Jiaxing Yu1,2,Arab Aliasghar2,Xiaofei Pei1(),Xuexun Guo1   

  1. 1.The Hubei Key Laboratory of Advanced Technology of Automotive Components,Wuhan University of Technology,Wuhan  430070
    2.The Department of Mechanical and Aerospace Engineering,Rutgers University,Piscataway,NJ 08854 USA
  • Received:2021-12-14 Revised:2021-12-28 Online:2022-05-25 Published:2022-05-27
  • Contact: Xiaofei Pei E-mail:peixiaofei7@whut.edu.cn

Abstract:

A trajectory planning is proposed for collision avoidance in a corner of intelligent vehicle considering trajectory smoothness and vehicle stability. The trajectory planning is decomposed into path planning and speed planning. The improved rapidly exploring random tree (RRT) is used to construct a collision-free continuous-curvature clothoids with minimum curvature change. Based on the measurement function of deep neural network, the improved RRT selects and connects the tree nodes with the smallest cost function, and searches the nearby nodes to find whether there are nodes with smaller cost function near the selected nodes. In speed planning, trapezoidal velocity profiles are used to output continuous target acceleration curve according to the road speed limit rules.
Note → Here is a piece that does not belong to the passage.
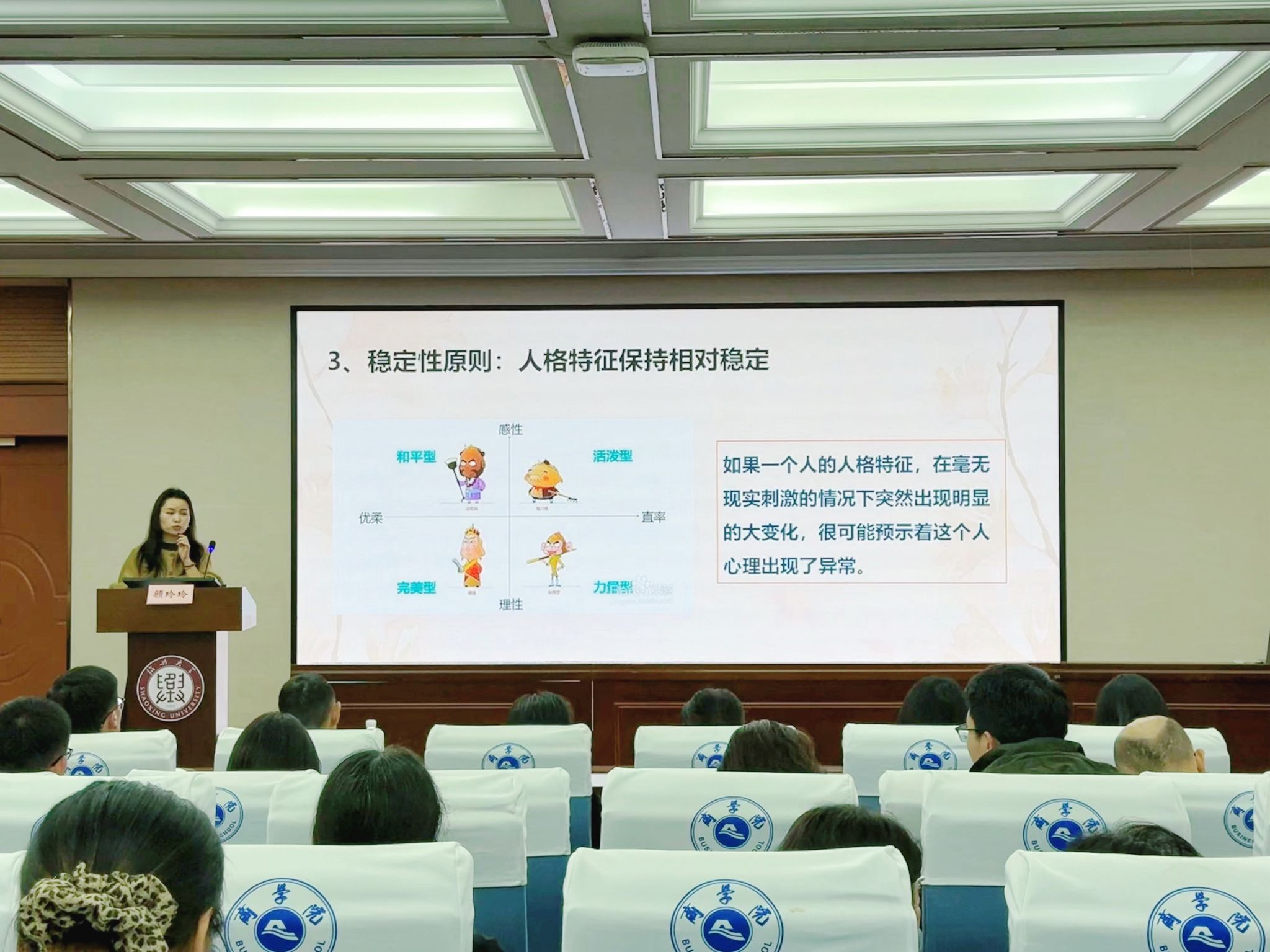 会议第三阶段,学校心理健康教育中心主任顾玲玲受邀开展《做学生的守“心”人——心理问题的识别与应对指南》专题培训。顾老师以心理健康核心判断标准为切入点,结合学生工作中的典型案例,深入讲解抑郁、焦虑、双相等常见精神障碍的识别要点、危机预警信号与科学应对策略,通过专业理论与实操方法的讲解,为全体辅导员、班主任精准识别学生心理危机、规范开展心理帮扶工作提供了专业指导与有力支撑。(学生科 杨荧)

Then, based on the curvature of clothoids and vehicle state, the target acceleration is dynamically adjusted by Preview G-Vectoring control (PGVC). Finally, the final expected acceleration is obtained through acceleration control logic. The simulation results show that the proposed trajectory planning method can not only achieve collision avoidance in a corner and guarantee a good tracking performance, but also improve the stability in a corner at high speed. Besides, the paper also verifies the fast convergence, path smoothness and real-time performance based on parallel computing of RRT.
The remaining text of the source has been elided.